A HIGH COURT judge on Friday ordered the immediate release of a Venezuelan teenager and his mother.

The two had been detained at the Chaguaramas Heliport since December 15, 2020. On July 14, the Privy Council ruled the boy’s detention for 19 months was unlawful.

The apex court deferred to the High Court on whether Luisa Martinez Hernandez and her 15-year-old son Jesus Martinez's period of detention was reasonable.

On Friday, Justice Margaret Mohammed said it was not.

In an oral decision, Mohammed said she considered the detention period of over ten months and their likely future detention beyond 2022 until their constitutional claim is heard by another court.

She said the status of the constitutional claim was important, but it had not advanced since May 19, 2021.

A status hearing is set for October 20, with decisions on preliminary objections to evidence and a recusal application to be made by the judge hearing it.

She said the delay was no fault of the two and, as a result, she was of the opinion their continued detention was unreasonable.
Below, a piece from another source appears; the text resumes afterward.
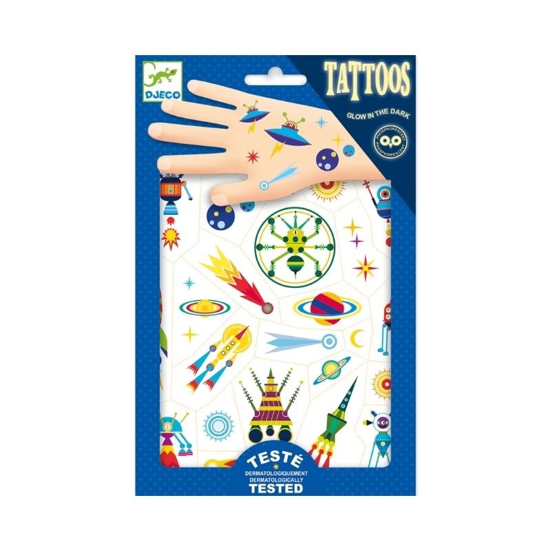 Djeco: Body Art Tattoos - Space Oddity. Two sheets of space-themed temporary tattoos. Children will especially love the glowing surprises and extra details that appear in the dark! These temporary tattoos are pre-cut to make them easy to use, and transfer using a little water. Dermatologically tested.
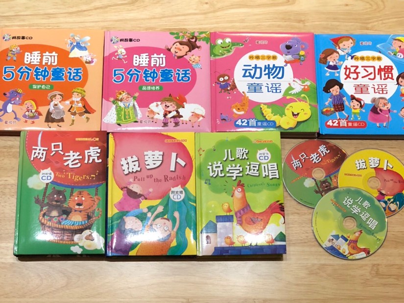 We have a growing collection of CDs/books that we listen in the car every day for 10-20 minutes. On weekends we also listen to Hoop Kids 圈圈 music while doing quiet activities like dot-to-dot and coloring. The longest Chinese sentences that he can speak are lines memorized from songs! Plus it is really cute to hear him singing to himself.

On Thursday, Mohammed refused an application by the State to have the hearing treated as a case-management conference to set dates for filing affidavits on behalf of the Chief Immigration Officer.

She refused the request because the length of detention of the two, one of whom was a minor, and the inability of senior counsel to argue the case at the time were not good reasons for her to prolong the issue remitted by the Privy Council for her to consider.

She said the State was aware of the Privy Council’s ruling and should have started to put its case together to assist the court.

“There was a duty to treat the matter with urgency and work diligently to assist the court.”

Mohammed referred to an affidavit filed overnight by the State, saying it showed attorneys were capable to treat the matter with urgency.

In response to submissions by the State’s lead counsel, Fyard Hosein, SC, that the constitutional motion had no real prospect of success, she said there were merits in the case which raised important and serious issues to be determined and the State had conceded this at the Privy Council hearing.

Mohammed said if this was not the case, then the State would have already taken steps to have it struck out.

On ruling on the reasonableness of the mother and son’s continued detention, she said, “Much weight is to be attached to the period of time they have been detained while pursuing a meritorious constitutional motion.”

She also spoke of the effects of their detention at the state-run military facility, saying it had adversely affected their mental and physical health.

“As a young person in his formative years, there is no evidence he has been afforded educational training,” she said, adding it was not in the boy’s best interest.

She also said there was minimum risk of either of them absconding, as the boy’s father was living in Trinidad as an asylum seeker. The mother and the boy are part of his case before the UNCHR.